*PROVIDED INFORMATION:*

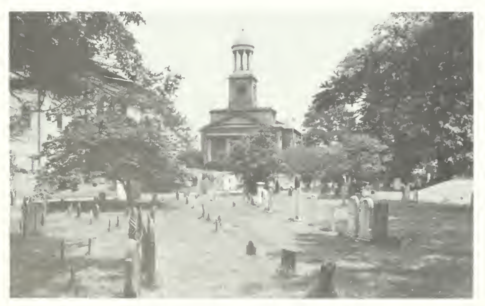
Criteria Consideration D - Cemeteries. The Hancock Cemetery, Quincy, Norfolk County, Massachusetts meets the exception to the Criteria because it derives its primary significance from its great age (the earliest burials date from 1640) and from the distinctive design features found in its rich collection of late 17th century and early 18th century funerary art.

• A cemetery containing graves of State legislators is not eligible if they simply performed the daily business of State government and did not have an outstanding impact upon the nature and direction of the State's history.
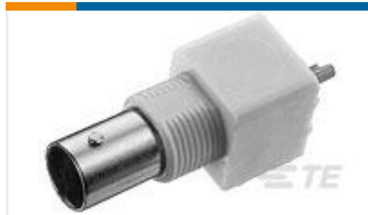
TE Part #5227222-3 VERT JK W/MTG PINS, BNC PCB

==

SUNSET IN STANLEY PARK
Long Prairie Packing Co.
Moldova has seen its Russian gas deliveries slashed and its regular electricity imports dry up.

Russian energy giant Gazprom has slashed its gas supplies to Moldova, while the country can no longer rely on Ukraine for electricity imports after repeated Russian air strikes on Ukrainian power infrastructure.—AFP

...

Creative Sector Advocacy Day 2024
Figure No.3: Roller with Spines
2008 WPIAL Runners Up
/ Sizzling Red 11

*DIRECTIONS:*
Across the entries above, state how many lines include the string "Moldova", with no other text.

*YOUR RESPONSE:*
2